Exercise objective:
From the entries below, reproduce exactly the lines from the one with "Cold Therapy Machine" through the one with "prie panašios rankininkų", both included, without images.

Available data:

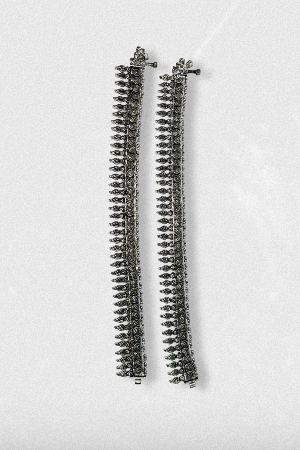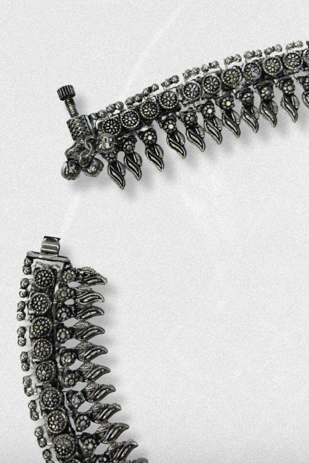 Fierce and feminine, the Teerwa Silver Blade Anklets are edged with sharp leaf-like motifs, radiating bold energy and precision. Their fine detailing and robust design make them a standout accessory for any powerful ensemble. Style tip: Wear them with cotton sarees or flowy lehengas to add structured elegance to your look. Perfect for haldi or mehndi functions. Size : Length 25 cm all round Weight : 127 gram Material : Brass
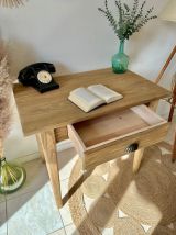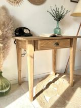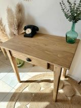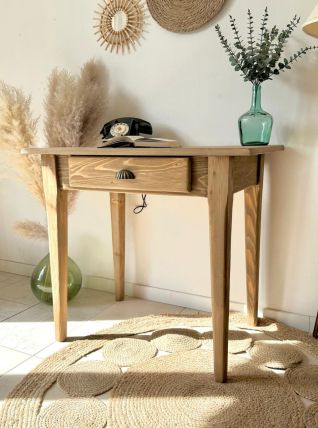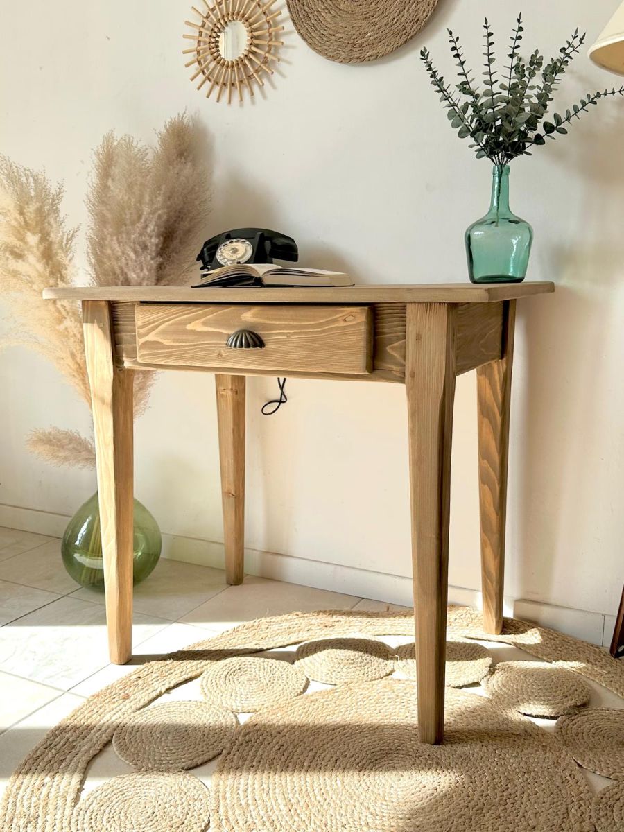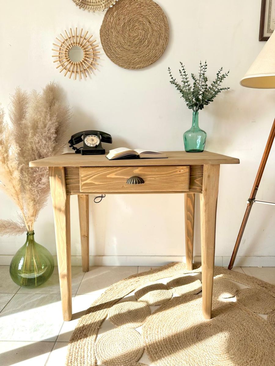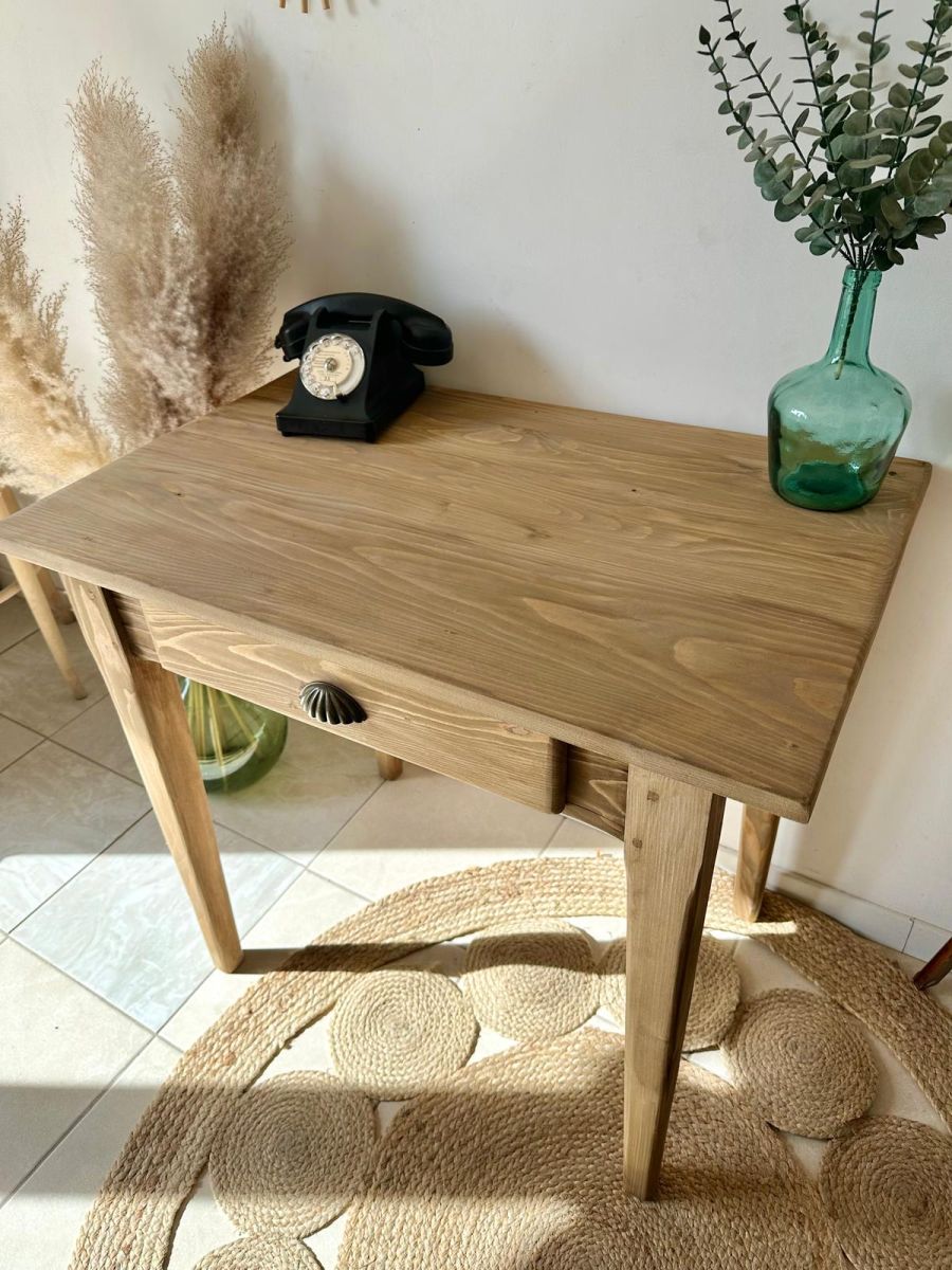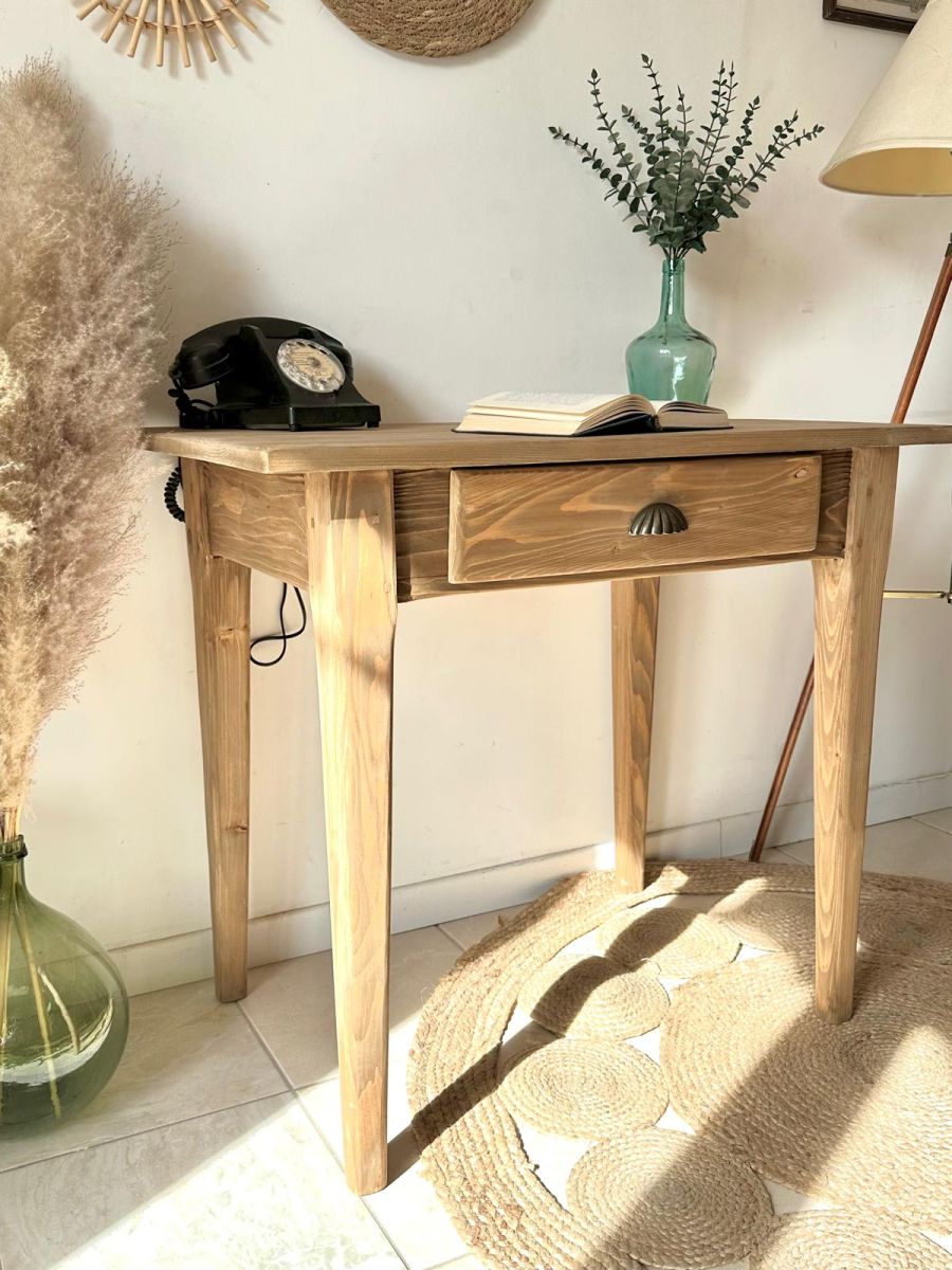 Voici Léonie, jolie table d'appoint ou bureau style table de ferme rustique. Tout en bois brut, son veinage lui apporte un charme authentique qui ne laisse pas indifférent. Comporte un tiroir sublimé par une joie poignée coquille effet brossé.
* * *
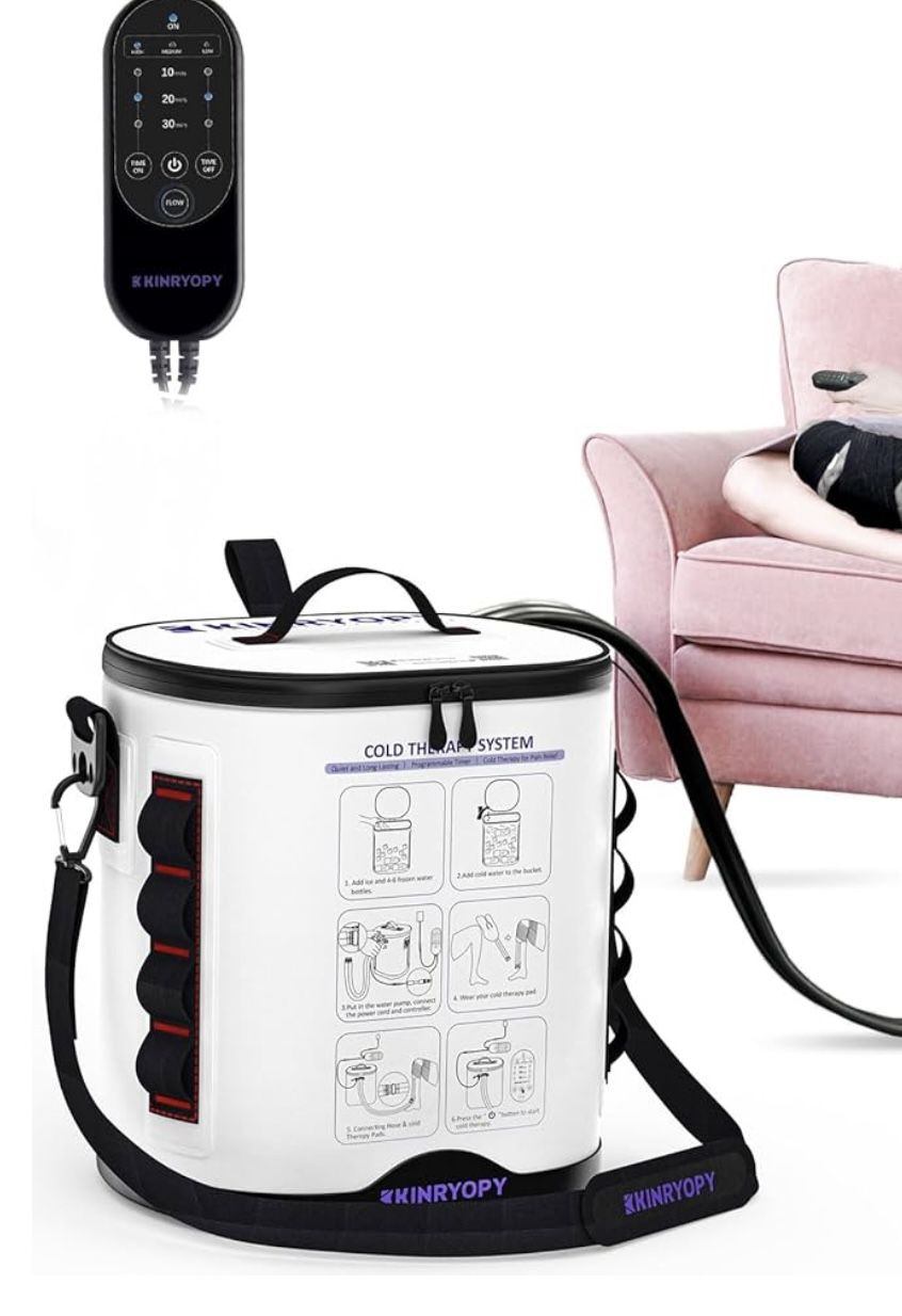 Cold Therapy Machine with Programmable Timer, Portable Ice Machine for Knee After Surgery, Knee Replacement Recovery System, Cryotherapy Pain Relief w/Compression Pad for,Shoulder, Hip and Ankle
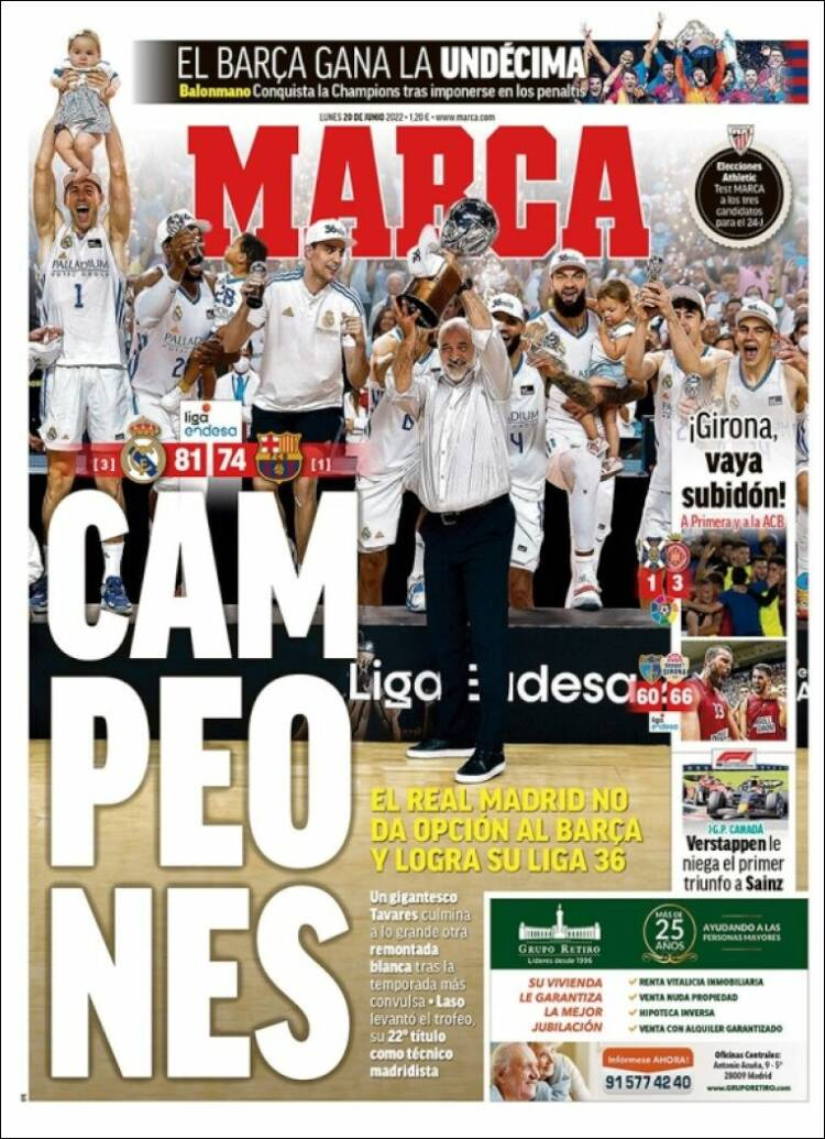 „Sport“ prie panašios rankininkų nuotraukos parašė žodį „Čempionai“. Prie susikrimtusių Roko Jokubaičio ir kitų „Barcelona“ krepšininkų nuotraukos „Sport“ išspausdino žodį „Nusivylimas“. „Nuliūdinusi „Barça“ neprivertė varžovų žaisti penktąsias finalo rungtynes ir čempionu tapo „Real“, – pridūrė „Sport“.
---
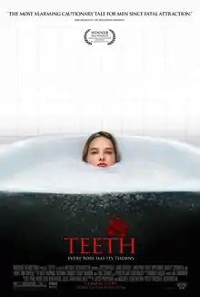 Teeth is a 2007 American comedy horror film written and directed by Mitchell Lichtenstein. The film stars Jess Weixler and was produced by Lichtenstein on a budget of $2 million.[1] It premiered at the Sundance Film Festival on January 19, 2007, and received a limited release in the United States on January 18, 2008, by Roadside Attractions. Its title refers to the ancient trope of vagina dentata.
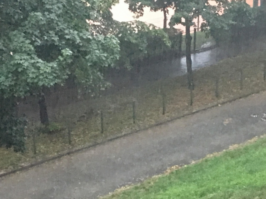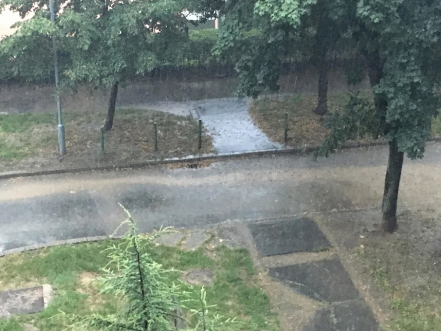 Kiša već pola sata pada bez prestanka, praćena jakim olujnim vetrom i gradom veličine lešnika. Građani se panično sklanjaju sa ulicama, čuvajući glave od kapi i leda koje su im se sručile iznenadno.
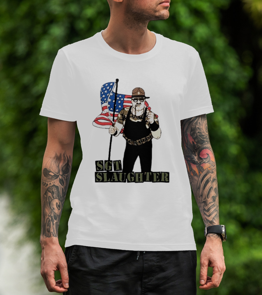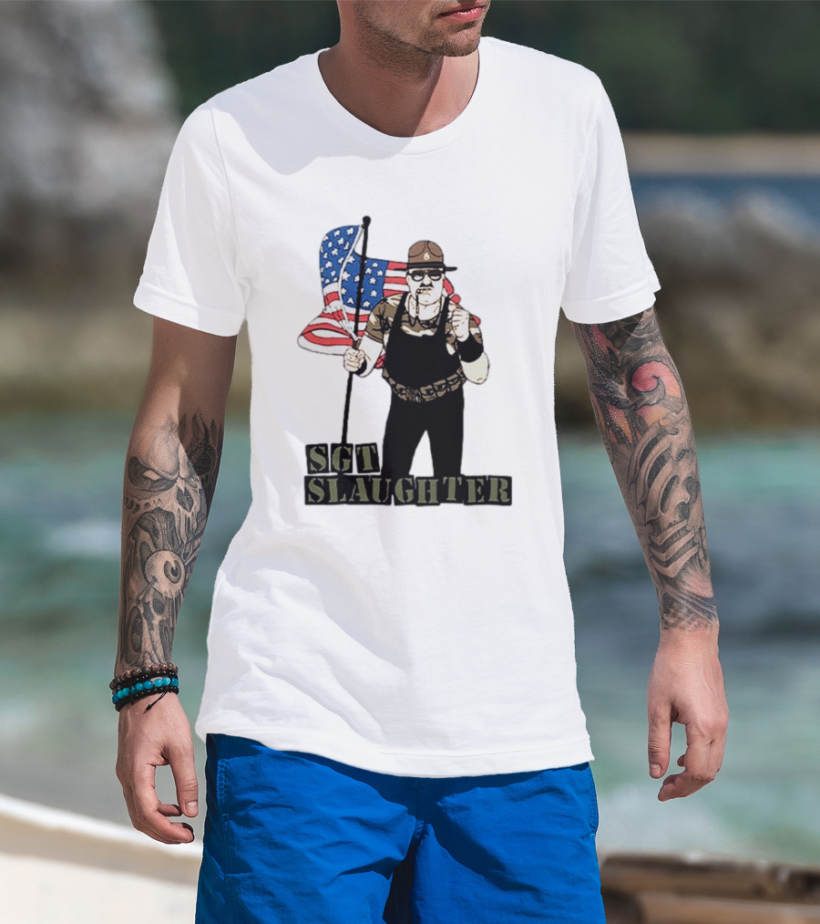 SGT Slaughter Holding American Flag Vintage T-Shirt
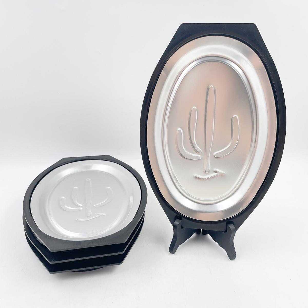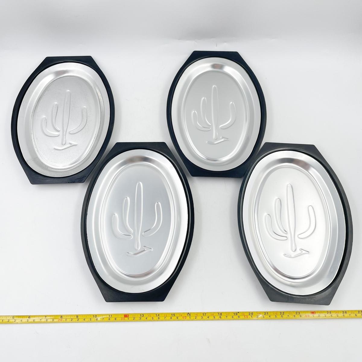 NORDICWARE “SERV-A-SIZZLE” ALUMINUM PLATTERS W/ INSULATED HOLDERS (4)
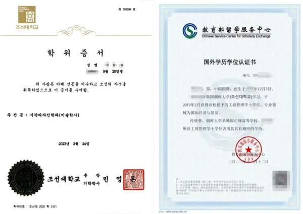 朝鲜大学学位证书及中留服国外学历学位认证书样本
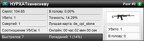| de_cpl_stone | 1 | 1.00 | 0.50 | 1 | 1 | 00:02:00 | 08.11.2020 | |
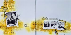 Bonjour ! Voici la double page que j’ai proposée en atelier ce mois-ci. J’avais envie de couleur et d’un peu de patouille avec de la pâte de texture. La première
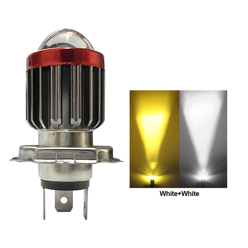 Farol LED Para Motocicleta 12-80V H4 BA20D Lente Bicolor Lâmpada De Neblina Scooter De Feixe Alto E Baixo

Response:
 Cold Therapy Machine with Programmable Timer, Portable Ice Machine for Knee After Surgery, Knee Replacement Recovery System, Cryotherapy Pain Relief w/Compression Pad for,Shoulder, Hip and Ankle
 „Sport“ prie panašios rankininkų nuotraukos parašė žodį „Čempionai“. Prie susikrimtusių Roko Jokubaičio ir kitų „Barcelona“ krepšininkų nuotraukos „Sport“ išspausdino žodį „Nusivylimas“. „Nuliūdinusi „Barça“ neprivertė varžovų žaisti penktąsias finalo rungtynes ir čempionu tapo „Real“, – pridūrė „Sport“.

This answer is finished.